* [PROMPT]:
Copy verbatim the block of lines in the entries below whose first line contains "Còn bài văn" and whose last line contains "Antique 19th century". Leave out all other lines.

* [GIVEN DATA]:
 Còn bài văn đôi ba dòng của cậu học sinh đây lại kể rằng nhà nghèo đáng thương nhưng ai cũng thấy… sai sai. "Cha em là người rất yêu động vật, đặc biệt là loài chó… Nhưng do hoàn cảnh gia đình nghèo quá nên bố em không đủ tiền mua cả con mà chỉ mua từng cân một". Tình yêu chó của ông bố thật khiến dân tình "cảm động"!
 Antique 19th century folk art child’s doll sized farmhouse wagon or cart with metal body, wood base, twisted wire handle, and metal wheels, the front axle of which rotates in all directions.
---
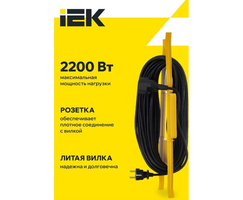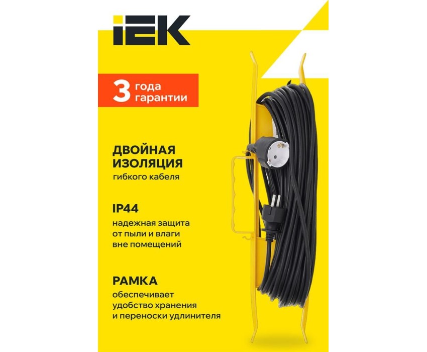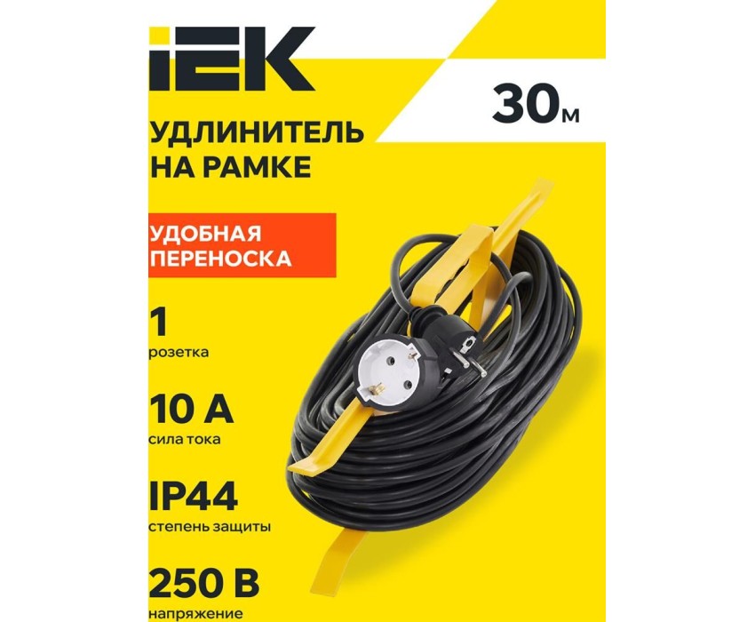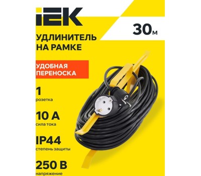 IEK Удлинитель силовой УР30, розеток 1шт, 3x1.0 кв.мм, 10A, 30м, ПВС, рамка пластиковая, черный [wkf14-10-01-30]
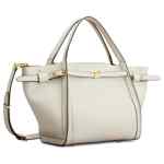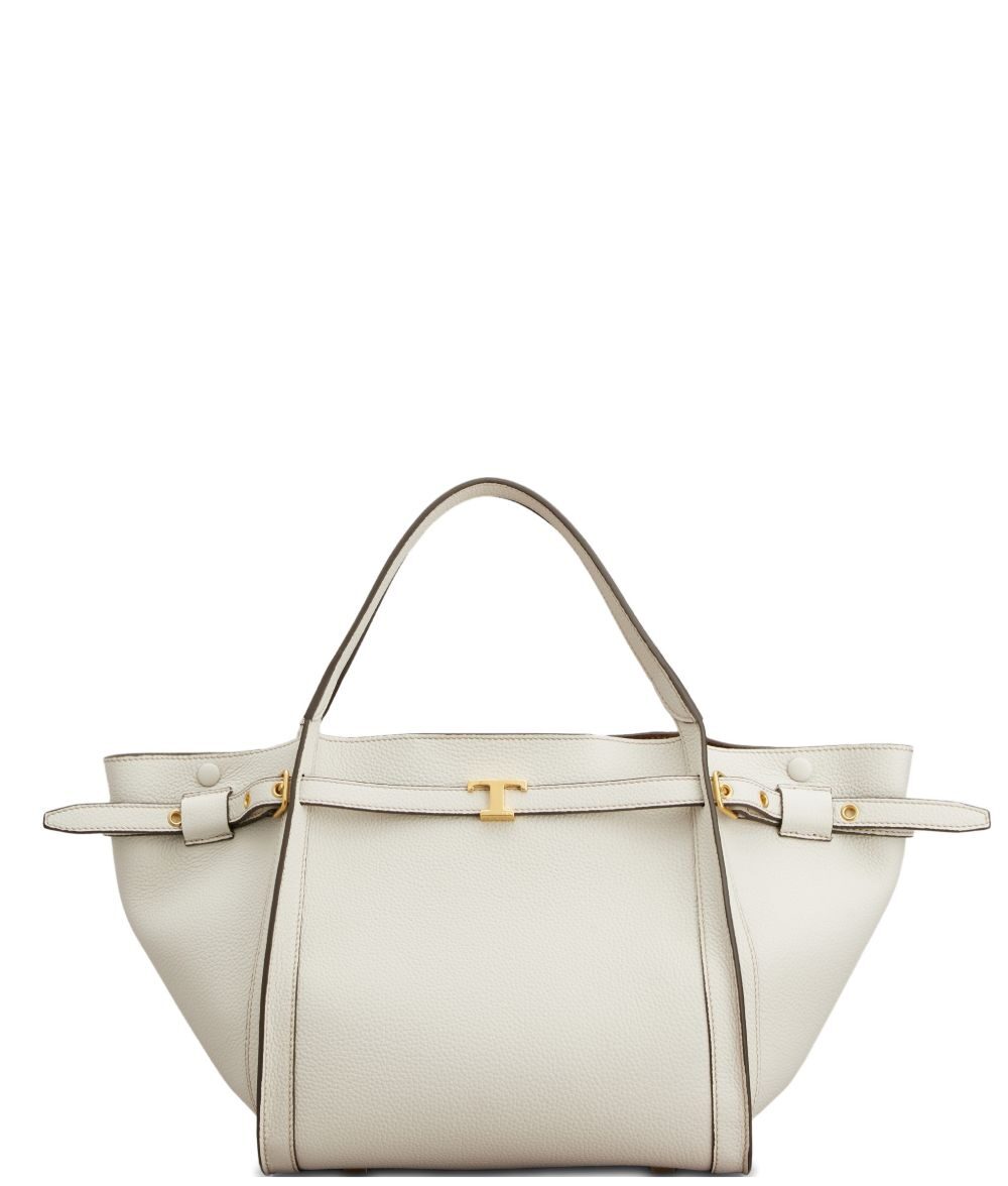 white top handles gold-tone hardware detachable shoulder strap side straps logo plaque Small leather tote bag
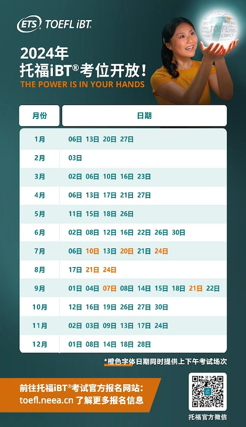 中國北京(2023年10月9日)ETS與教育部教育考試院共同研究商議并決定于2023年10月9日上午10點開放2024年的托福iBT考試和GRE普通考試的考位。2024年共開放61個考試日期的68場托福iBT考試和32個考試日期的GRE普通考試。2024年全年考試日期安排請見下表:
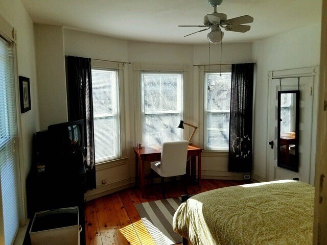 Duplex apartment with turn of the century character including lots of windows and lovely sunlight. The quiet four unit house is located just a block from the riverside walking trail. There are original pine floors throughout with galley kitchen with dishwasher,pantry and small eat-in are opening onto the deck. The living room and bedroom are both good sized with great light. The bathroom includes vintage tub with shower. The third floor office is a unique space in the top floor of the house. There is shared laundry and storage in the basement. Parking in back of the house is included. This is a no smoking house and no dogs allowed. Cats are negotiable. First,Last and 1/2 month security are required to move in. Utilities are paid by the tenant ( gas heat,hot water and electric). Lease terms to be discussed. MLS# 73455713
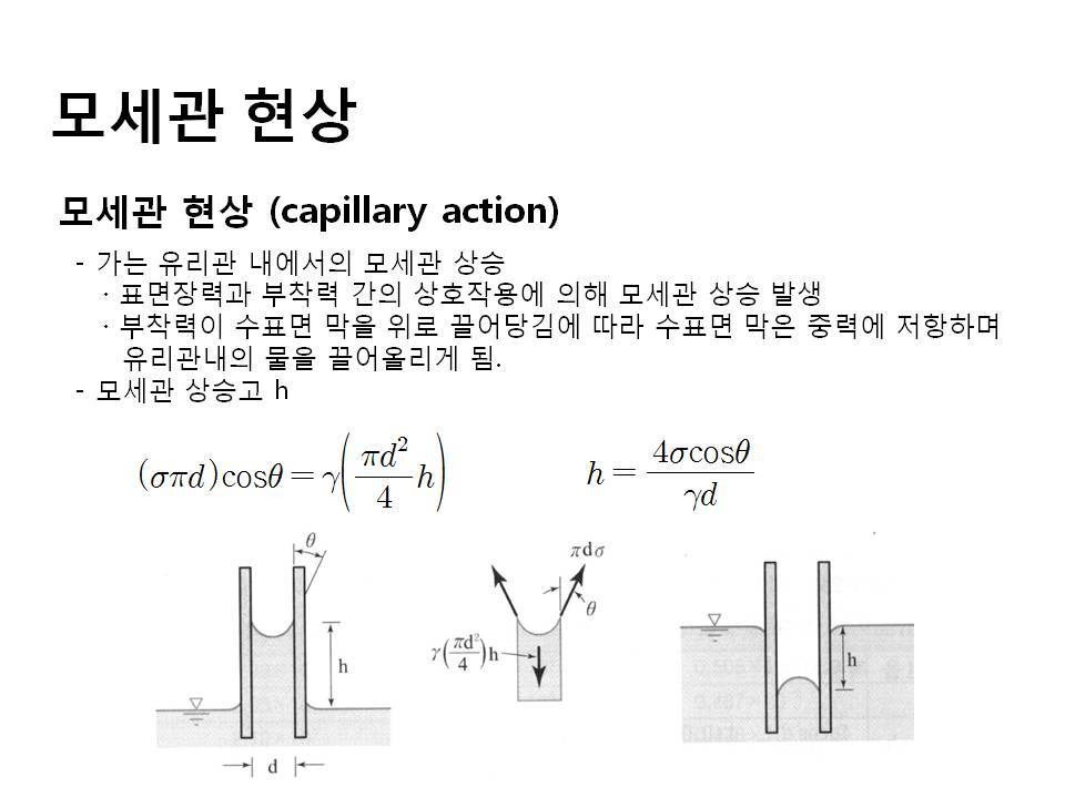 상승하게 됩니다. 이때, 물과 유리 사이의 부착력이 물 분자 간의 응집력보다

* [COMPLETED TASK]:
 Còn bài văn đôi ba dòng của cậu học sinh đây lại kể rằng nhà nghèo đáng thương nhưng ai cũng thấy… sai sai. "Cha em là người rất yêu động vật, đặc biệt là loài chó… Nhưng do hoàn cảnh gia đình nghèo quá nên bố em không đủ tiền mua cả con mà chỉ mua từng cân một". Tình yêu chó của ông bố thật khiến dân tình "cảm động"!
 Antique 19th century folk art child’s doll sized farmhouse wagon or cart with metal body, wood base, twisted wire handle, and metal wheels, the front axle of which rotates in all directions.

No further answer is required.